特に私の場合、機材は実機で使いたいタイプなので……Spark 2で試して気に入ったアンプやエフェクターを見つけたら、それを買っちゃうと思うんですよね(笑)。
なので、物欲がさらに爆発しちゃう心配もありますね!

Spark AI 2.0で実装された対話型のトーン作成機能を使えば、キーワードを入力するだけでプレイヤーの求める最適なサウンドの組み合わせを提案してくれる。

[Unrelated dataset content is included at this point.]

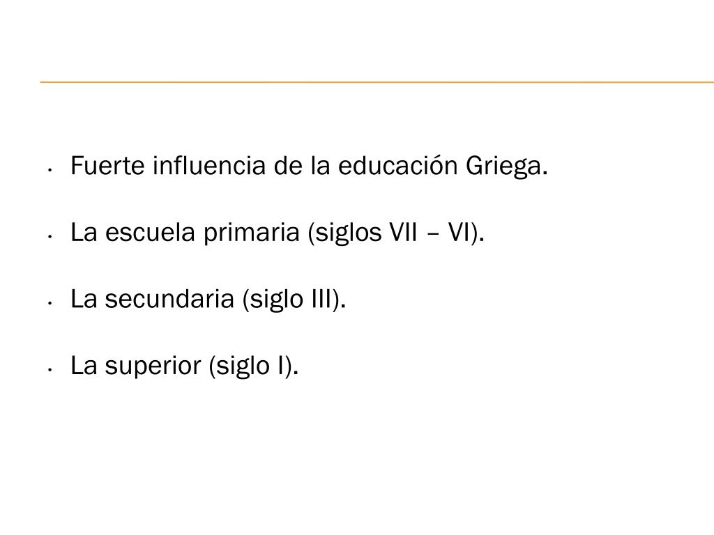 Fuerte influencia de la educación Griega. • La escuela primaria (siglos VII – VI). • La secundaria (siglo III). • La superior (siglo I).

今回は、Kahoが普段使用しているアンプのモデリング=SwitchAxeをベースに音作りしてもらった。
【COMP/WAH】SUSTAINER
LEVEL:5.4
TONE:5.8
ATTACK:5.0
SUSTAIN:3.5
【DRIVE】Tube Drive
OVERDRIVE:4.3
TONE:6.2
LEVEL:5.8
【AMP】SwitchAxe
GAIN:4.0
BASS:4.1
MIDDLE:4.0
TREBLE:6.8
VOLUME:5.8
【MOD/EQ】Digital Chorus
E.LEVEL:2.7
RATE:3.3
DEPTH:2.0
TONE:5.3
【REVERB】FLAT SHORT
LEVEL:1.7
DAMPING:3.2
LOW CUT:2.8
HIGH CUT:6.2
TIME:2.4
DWELL:2.9
ギター・ワイヤレス・システム=Spark LINKとは?

最大20mもの広範囲をカバーするワイヤレス・システム=Spark LINK。連続で使用できる時間は、驚異の6時間。加えて独自のチップセットにより3ms未満という超低レイテンシーを実現している。最大4チャンネルの同時利用が可能で、2.4Gワイヤレス伝送技術と24-bit/48kHzというサンプリングレートにより高品位なサウンドを実現している。どんな場所でもストレスのない演奏環境を提供してくれるアイテムと言えるだろう。
Positive Grid
Spark 2
Spark 2 Pearl
【スペック】
●出力:50W
●コントロール:PRESET SELECTOR、GAIN、BASS、MID、TREBLE、MASTER、MOD、DELAY、REVERB、MUSIC、GUITAR VOLUME、LOOPER CONTROL(REC/DUB、PLAY/STOP、UNDO/REDO/CLEAR)、TAP/TUNER BUTTON、PAIR
●入出力端子:INPUT、AUX IN、PHONES、LINE OUT(L/R)
●スピーカー:4インチ×2
●電源:DC 19Vアダプター
●サイズ:375(W)×180(D)×214(H)mm
●重量:約5.5kg
【価格】
Spark 2:50,600円(税込)
Spark 2 Pearl:50,600円(税込)
【問い合わせ】
メディア・インテグレーション MI事業部 カスタマーケア TEL:03-3477-1493 https://www.minet.jp
Kaho Profile
Kaho●2023年3月に結成された4人組ガールズ・バンド、Faulieu.(フォリュー)のリード・ギタリスト。バンドは、国内の大型ロック・フェスをはじめ数々の音楽イベントに出演。さらにドラマ『子宮恋愛』『略奪奪婚』、アニメ『カナン様はあくまでチョロい』の主題歌も手がけるなど、現在熱い注目を集めている。ギタリストであるKahoは、バンドだけではなくサポート・ギタリストとしても活動中。最新作は、4月にリリースしたメジャー・デビュー・アルバム「MiX」。